Gain of toxic function by long-term SMN overexpression in the sensory-motor circuit.

The neurodegenerative disease spinal muscular atrophy (SMA) is a leading genetic cause of infant death caused by deficiency in the survival motor neuron (SMN) protein. Currently approved SMA treatments aim to restore SMN, but the potential for expression of SMN beyond physiological levels is a unique feature of AAV9-SMN gene therapy. Here, we show that long-term AAV9-mediated SMN overexpression in mouse models induces dose-dependent, late-onset motor dysfunction associated with loss of proprioceptive synapses and neurodegeneration.

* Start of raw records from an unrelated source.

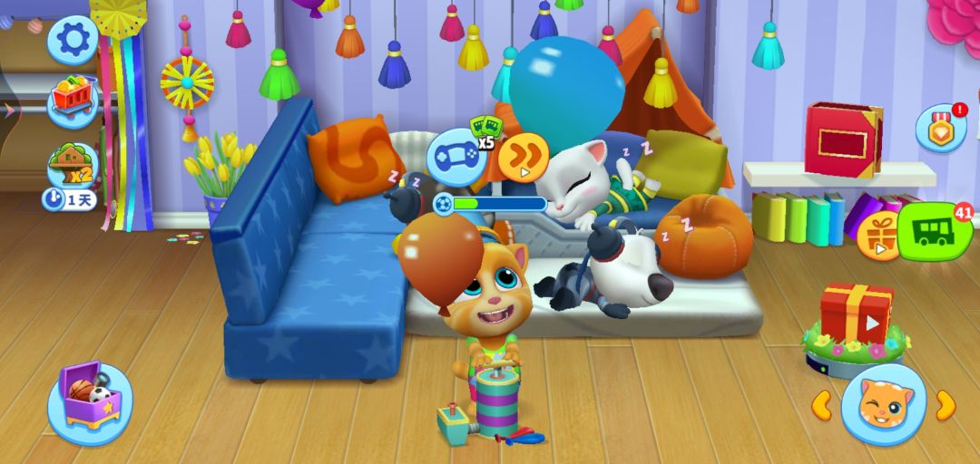 小伙伴们有没有幻想过,可以建造一个属于自己的房子,不仅可以把好朋友叫来,还希望可以与朋友们在同一个屋檐下度过一段难忘的美好时光。那么,现在如你所愿,《汤姆猫总动员》这款超可爱游戏的上线可以实现你所想的事情。游戏中我们将拥有一个独特的公寓,享受自由自在的休闲生活。 当然我们进入公寓后发现没有那么多小伙伴,有点孤独。但是也不用心急哦,只要我们每天登录游戏,就会陆续有新的成员到来。除了需要照顾游戏角色的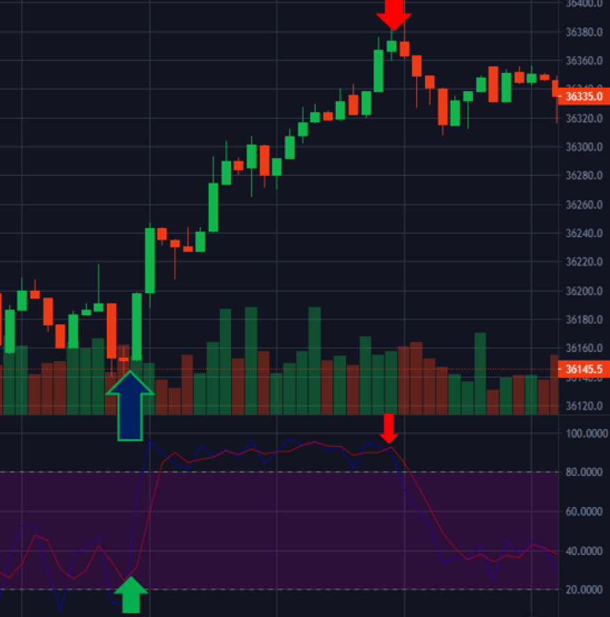 The market turns bullish as expected after SO reaches 20 on a downtrend. The opposite happens when SO rises above 80; the price falls.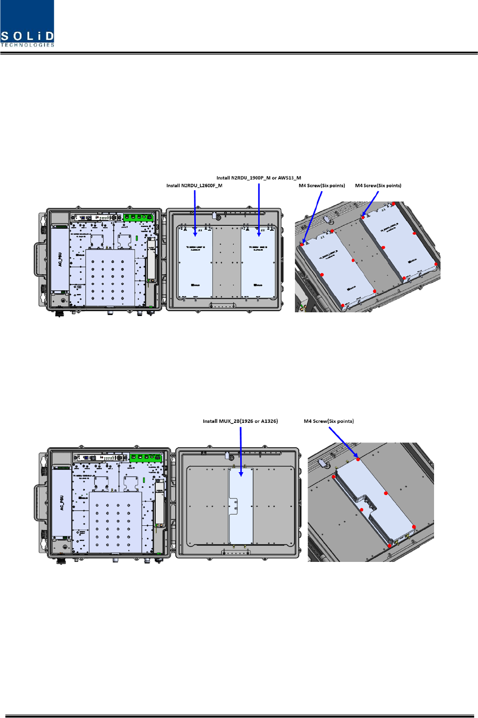 N2RDU_1900P_M, N2RDU_AWS13_M and N2RDU_L2600F_M module can be installed in the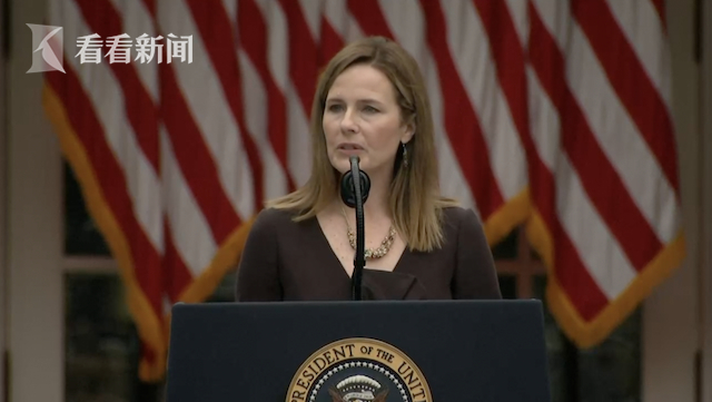 当地时间9月26日,白宫玫瑰园中,“靴子落地”。美国传奇最高法院大法官,露丝·巴德·金斯伯格病逝刚一个星期,特朗普便宣布提名埃米·科妮·巴雷特填补空缺。如获批准,巴雷特将成为特朗普上台后任命的第三位最高法院大法官、美国史上第五位女性大法官、目前最高法院最年轻的大法官。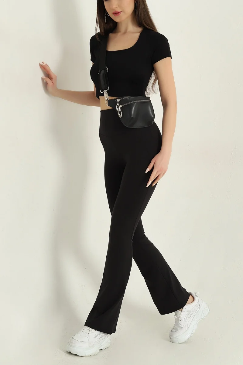 Siyah Şık Vücuda Oturan Tasarım İspanyol Oysh Tayt
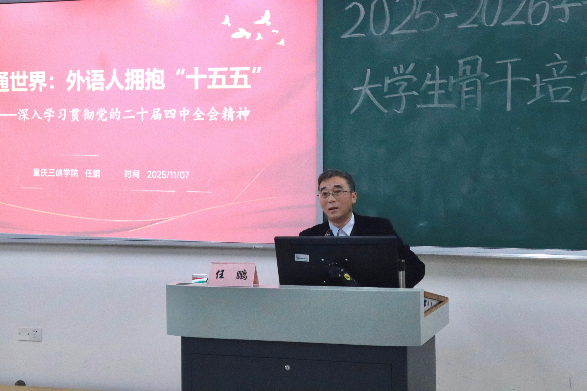 为提升“青马工程”学员理论素养与使命意识,11月7日,mjm世界杯官网特邀马克思主义公司党总支书记任鹏开展《语通世界:外语人拥抱“十五五”》专题讲座。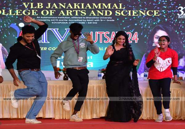 உற்சாக நடனம்கோவைப்புதூர் வி.எல்.பி., ஜானகியம்மாள் கலை அறிவியல் கல்லூரி நடந்த யுவா உட்சவ் கலை விழாவில் மாணவர்களுடன் உற்சாக நடனம் ஆடிய திரைப்பட நடிகை இவானா .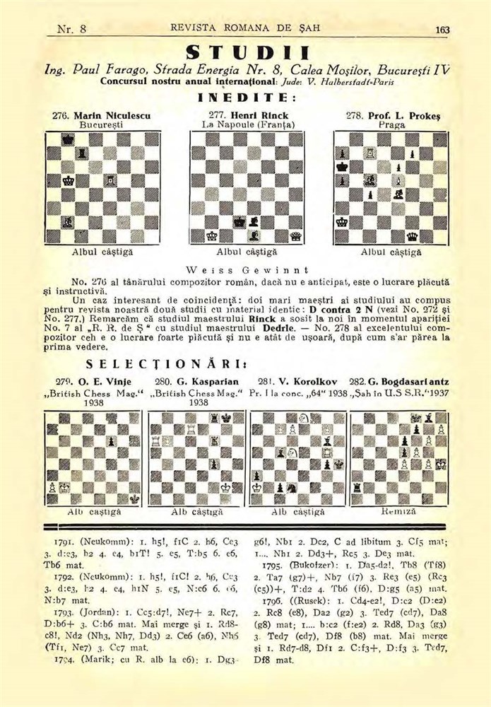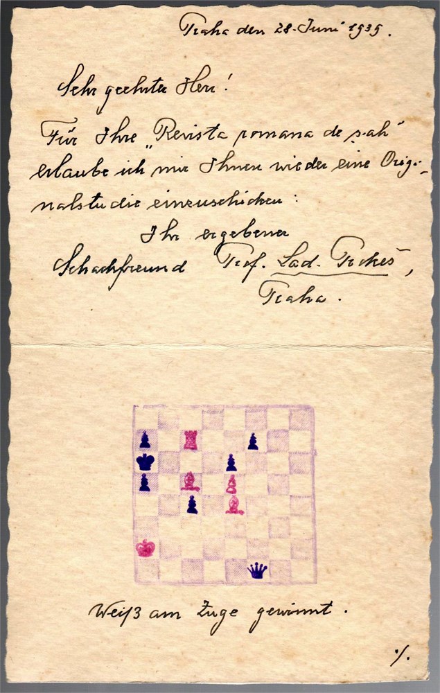 Letter to P. Farago, hand-written, in German, 2 pages, one sheet of thin cardboard, size 11x17 cm, with 1 diagram original stamped. The study was published in "Revista Romana de Sah", #8/1939, page 163.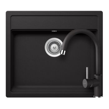SCHOCK Nemo N-100 Cristalite Nero egymedencés gránit mosogató szett, Schock Plutos csaptelep, fekete, beépíthető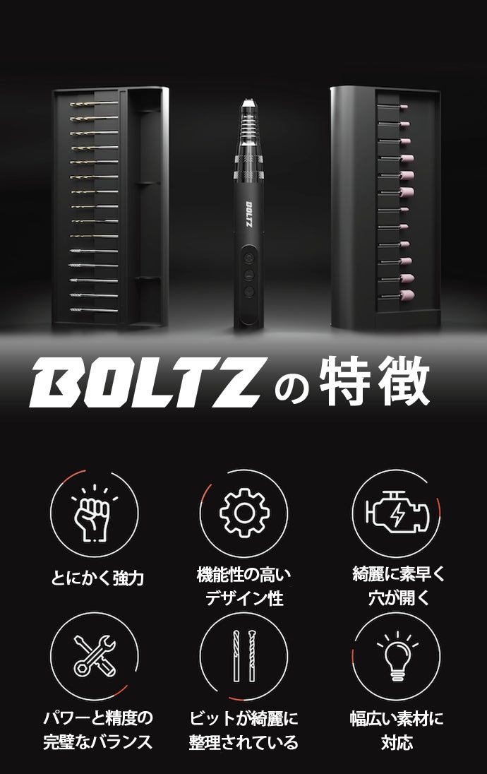 BOLTZがあれば「切る」「ドリルする」「彫る」「研磨する」がより簡単かつ快適なものになるでしょう!

Mechanistically, aggregation of overexpressed SMN in the cytoplasm of motor circuit neurons sequesters components of small nuclear ribonucleoproteins (snRNPs), leading to splicing dysregulation and widespread transcriptome abnormalities with prominent signatures of neuroinflammation and innate immune response. Thus, long-term SMN overexpression can interfere with its normal activity in RNA regulation and trigger SMA-like pathogenic events through toxic gain of function mechanisms. These unanticipated, SMN-dependent and neuron-specific liabilities of AAV9-SMN warrant further evaluation of the long-term safety of gene therapy in SMA. To determine the effects of AAV9-mediated long-term SMN overexpression on the transcriptome of dorsal root ganglia (DRGs) of wild type mice, we performed transcriptome analysis of DRGs from 300-day old wild type mice that were either uninjected or injected with AAV9-GFP or AAV9-SMN at P1 by deep sequencing in triplicates.